Parish in County Longford, Ireland

Killoe is a rural community and parish in County Longford, Ireland, located approximately 6 miles north of Longford Town. It is home to Cairn Hill (locally known as Cornhill or Corn Hill) or Carn Clonhugh - the highest peak in County Longford.

It is bordered by Newtownforbes, Drumlish, Ballinalee, Edgeworthstown, and Longford Town.

There are two small villages in Killoe at Ennybegs and Cullyfad. Killoe has a number of amenities, including community centre buildings in Ennybegs and Cullyfad, a national school (St. Theresa's National School) at Clontumpher, several shops and two pubs. Churches include St. Marys Catholic Church (Ennybegs), St. Olivers Catholic Church (Cullyfad), and St. Catherines Church of Ireland (Killoe Glebe). The civil parish of Killoe was historically covered by two baronies, Granard and Longford, included a minimum of 91 townlands, and had an area of 16780 ha. The modern ecclesiastical parish of Killoe consists of 38 townlands.
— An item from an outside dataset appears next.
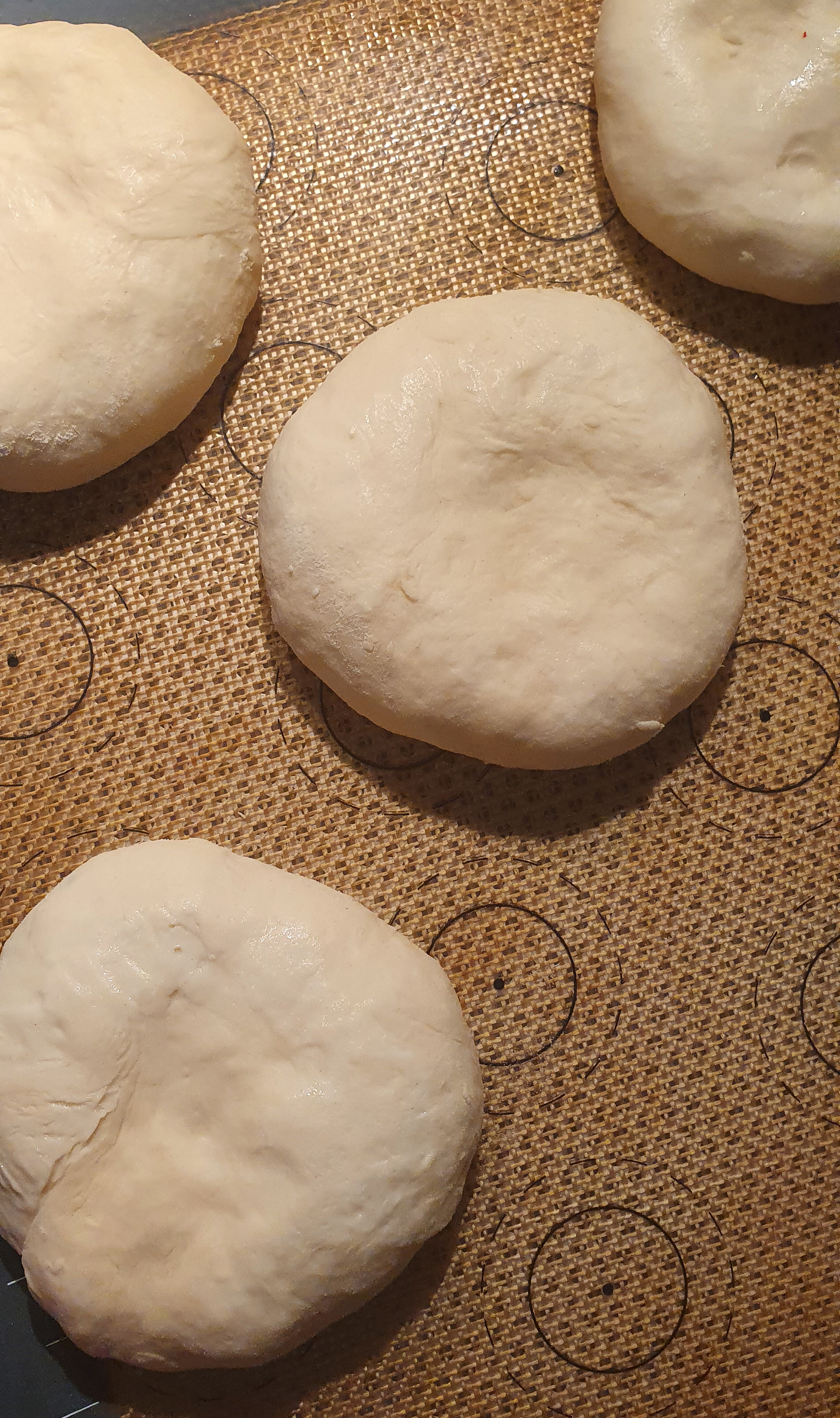 - On dégaze et on forme 6 ou 7 boule de 80 g/90g (à peu près) chacune.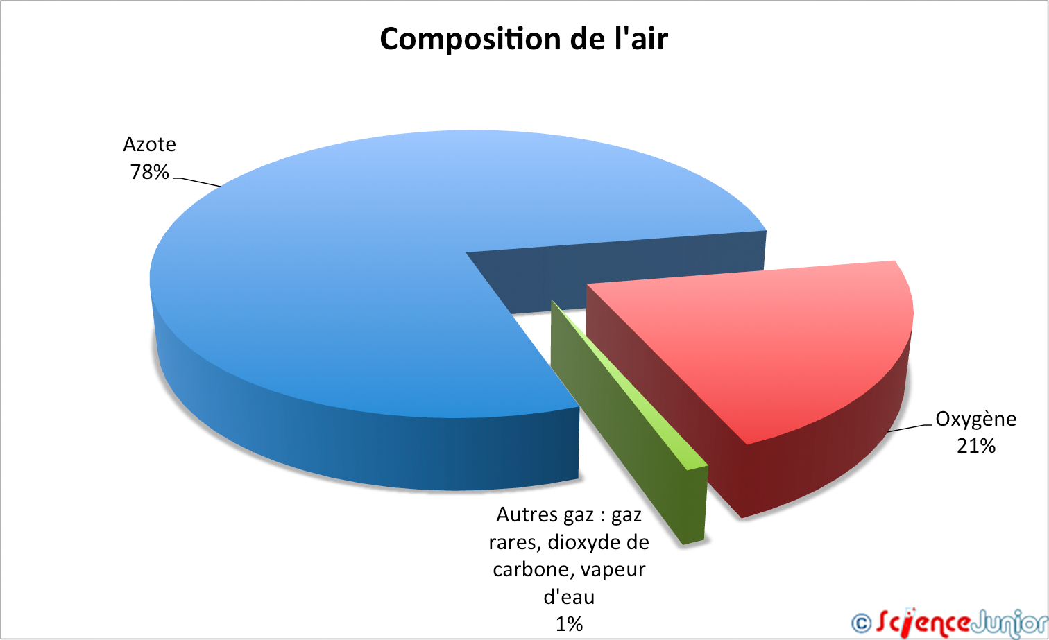 L’air est un mélange de gaz constitué à 78% par de l’azote (N2), à 21% par de l’oxygène (O2) et à 1% d’autres gaz comme le dioxyde de carbone (CO2), la vapeur d’eau (H2O) et de gaz rares.

Sporting clubs in the parish include Killoe Celtic soccer club, and Killoe Young Emmets Gaelic Football club comprising Killoe Senior Club, Killoe Óg Minor Club and Killoe Ladies Club.

Ancient monuments in the area include a number of ringforts and mass rocks. A more recent memorial unveiled in 2012, commemorates the actions of local man James Farrell who helped to save two local women along with others during the sinking of the Titanic in 1912.

The gates of the Carrigglas Manor and Estate, known locally as the "Gandon Gates", were designed by architect James Gandon in the early 19th century.